** Records shown **
-*-

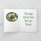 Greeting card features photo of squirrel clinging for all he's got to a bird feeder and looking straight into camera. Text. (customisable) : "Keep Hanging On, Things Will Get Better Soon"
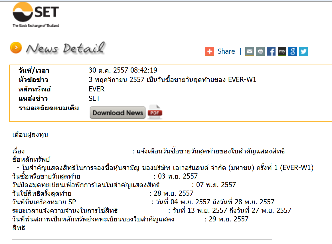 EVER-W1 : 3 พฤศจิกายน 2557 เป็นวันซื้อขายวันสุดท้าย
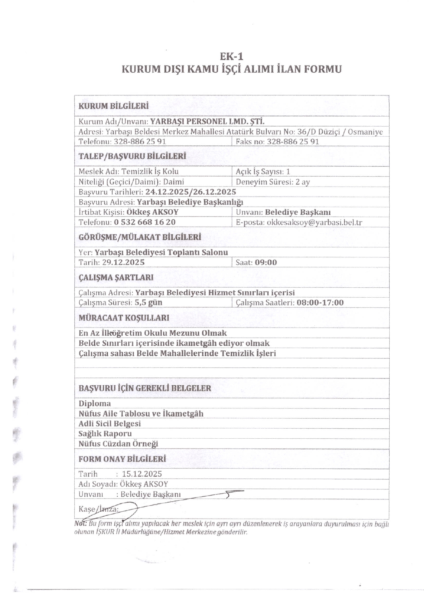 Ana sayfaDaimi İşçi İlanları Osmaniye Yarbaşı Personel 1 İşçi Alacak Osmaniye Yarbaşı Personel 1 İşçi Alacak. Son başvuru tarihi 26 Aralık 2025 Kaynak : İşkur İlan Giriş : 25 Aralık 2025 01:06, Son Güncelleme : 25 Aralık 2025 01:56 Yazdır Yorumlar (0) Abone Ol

-*-

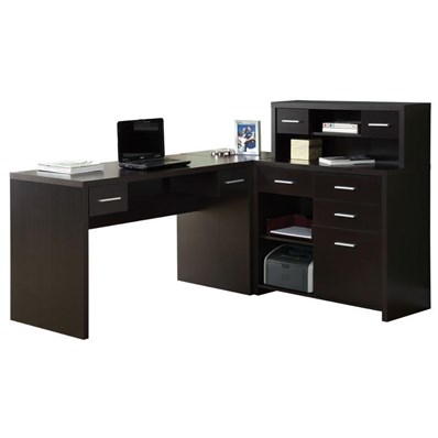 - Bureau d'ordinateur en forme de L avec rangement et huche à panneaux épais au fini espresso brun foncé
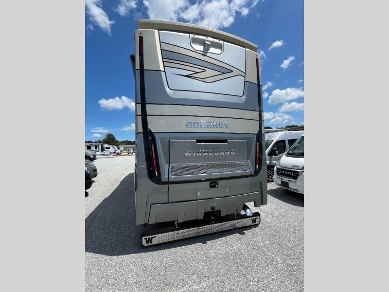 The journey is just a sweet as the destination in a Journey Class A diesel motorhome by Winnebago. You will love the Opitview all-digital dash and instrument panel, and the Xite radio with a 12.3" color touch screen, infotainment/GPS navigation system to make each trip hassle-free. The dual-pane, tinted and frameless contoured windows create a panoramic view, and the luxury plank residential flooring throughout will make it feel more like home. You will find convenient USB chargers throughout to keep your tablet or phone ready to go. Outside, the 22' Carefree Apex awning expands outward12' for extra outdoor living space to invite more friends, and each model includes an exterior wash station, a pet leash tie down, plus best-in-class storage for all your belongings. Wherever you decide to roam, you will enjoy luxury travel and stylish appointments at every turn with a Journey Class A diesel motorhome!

-*-

** Try it **
Transcribe, word for word, the stretch of lines in the data above from the one with "Greeting card features" through the one with "Ana sayfaDaimi İşçi"; omit all pictures.

** Answer for this exercise **
 Greeting card features photo of squirrel clinging for all he's got to a bird feeder and looking straight into camera. Text. (customisable) : "Keep Hanging On, Things Will Get Better Soon"
 EVER-W1 : 3 พฤศจิกายน 2557 เป็นวันซื้อขายวันสุดท้าย
 Ana sayfaDaimi İşçi İlanları Osmaniye Yarbaşı Personel 1 İşçi Alacak Osmaniye Yarbaşı Personel 1 İşçi Alacak. Son başvuru tarihi 26 Aralık 2025 Kaynak : İşkur İlan Giriş : 25 Aralık 2025 01:06, Son Güncelleme : 25 Aralık 2025 01:56 Yazdır Yorumlar (0) Abone Ol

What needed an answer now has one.